#### Data shown ####
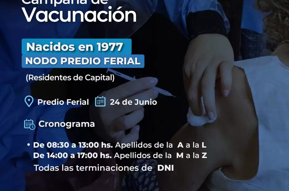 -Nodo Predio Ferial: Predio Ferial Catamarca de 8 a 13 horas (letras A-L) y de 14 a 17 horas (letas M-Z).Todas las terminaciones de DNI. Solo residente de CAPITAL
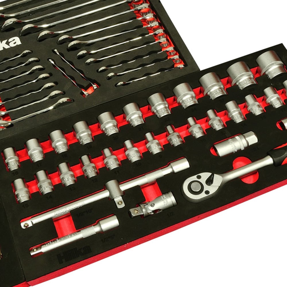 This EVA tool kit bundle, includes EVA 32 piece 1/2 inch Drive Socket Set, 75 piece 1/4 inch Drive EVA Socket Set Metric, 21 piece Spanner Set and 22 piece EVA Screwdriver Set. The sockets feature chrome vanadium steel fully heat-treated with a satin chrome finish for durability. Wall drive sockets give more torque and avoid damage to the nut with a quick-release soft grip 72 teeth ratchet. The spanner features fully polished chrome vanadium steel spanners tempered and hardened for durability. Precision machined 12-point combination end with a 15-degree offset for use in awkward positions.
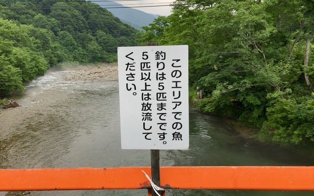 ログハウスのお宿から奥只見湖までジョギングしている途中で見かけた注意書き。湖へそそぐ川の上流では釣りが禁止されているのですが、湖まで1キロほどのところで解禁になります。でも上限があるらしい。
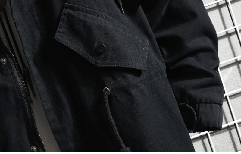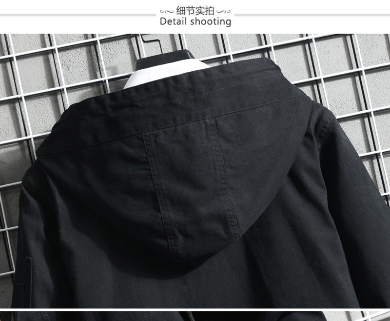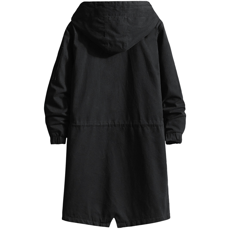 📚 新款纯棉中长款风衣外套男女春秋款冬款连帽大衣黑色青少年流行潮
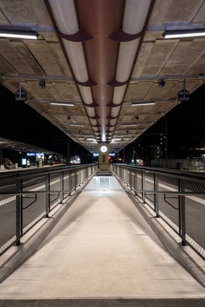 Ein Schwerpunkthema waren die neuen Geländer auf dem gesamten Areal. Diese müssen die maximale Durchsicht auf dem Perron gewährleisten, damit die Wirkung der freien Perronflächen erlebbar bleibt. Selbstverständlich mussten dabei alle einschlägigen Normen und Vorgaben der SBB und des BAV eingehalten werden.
####
#### Data shown ####
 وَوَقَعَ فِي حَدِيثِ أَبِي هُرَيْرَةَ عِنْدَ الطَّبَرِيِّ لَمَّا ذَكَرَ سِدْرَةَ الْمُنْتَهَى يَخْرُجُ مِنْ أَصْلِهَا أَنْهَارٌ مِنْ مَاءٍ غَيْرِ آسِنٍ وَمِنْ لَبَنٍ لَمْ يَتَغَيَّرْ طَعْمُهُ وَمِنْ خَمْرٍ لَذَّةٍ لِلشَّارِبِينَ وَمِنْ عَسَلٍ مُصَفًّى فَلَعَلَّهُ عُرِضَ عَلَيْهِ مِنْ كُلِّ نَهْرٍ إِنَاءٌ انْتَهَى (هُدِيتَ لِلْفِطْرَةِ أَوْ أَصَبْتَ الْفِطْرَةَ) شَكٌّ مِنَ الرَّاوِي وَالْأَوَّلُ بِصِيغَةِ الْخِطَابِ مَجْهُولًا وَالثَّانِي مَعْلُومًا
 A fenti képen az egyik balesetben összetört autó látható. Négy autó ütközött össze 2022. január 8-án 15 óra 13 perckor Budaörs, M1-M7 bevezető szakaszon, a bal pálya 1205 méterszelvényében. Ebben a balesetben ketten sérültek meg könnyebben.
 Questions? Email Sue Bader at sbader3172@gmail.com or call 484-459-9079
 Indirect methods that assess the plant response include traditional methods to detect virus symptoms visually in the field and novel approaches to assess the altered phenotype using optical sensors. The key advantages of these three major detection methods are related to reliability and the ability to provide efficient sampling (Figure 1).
####
● **What the task asks**
In the listing above, find the line with "ログハウスのお宿から奥只見湖" and the line with "Ein Schwerpunkthema waren". Copy both of them and every line between, exactly, but not the pictures.

● **Result**
 ログハウスのお宿から奥只見湖までジョギングしている途中で見かけた注意書き。湖へそそぐ川の上流では釣りが禁止されているのですが、湖まで1キロほどのところで解禁になります。でも上限があるらしい。
 📚 新款纯棉中长款风衣外套男女春秋款冬款连帽大衣黑色青少年流行潮
 Ein Schwerpunkthema waren die neuen Geländer auf dem gesamten Areal. Diese müssen die maximale Durchsicht auf dem Perron gewährleisten, damit die Wirkung der freien Perronflächen erlebbar bleibt. Selbstverständlich mussten dabei alle einschlägigen Normen und Vorgaben der SBB und des BAV eingehalten werden.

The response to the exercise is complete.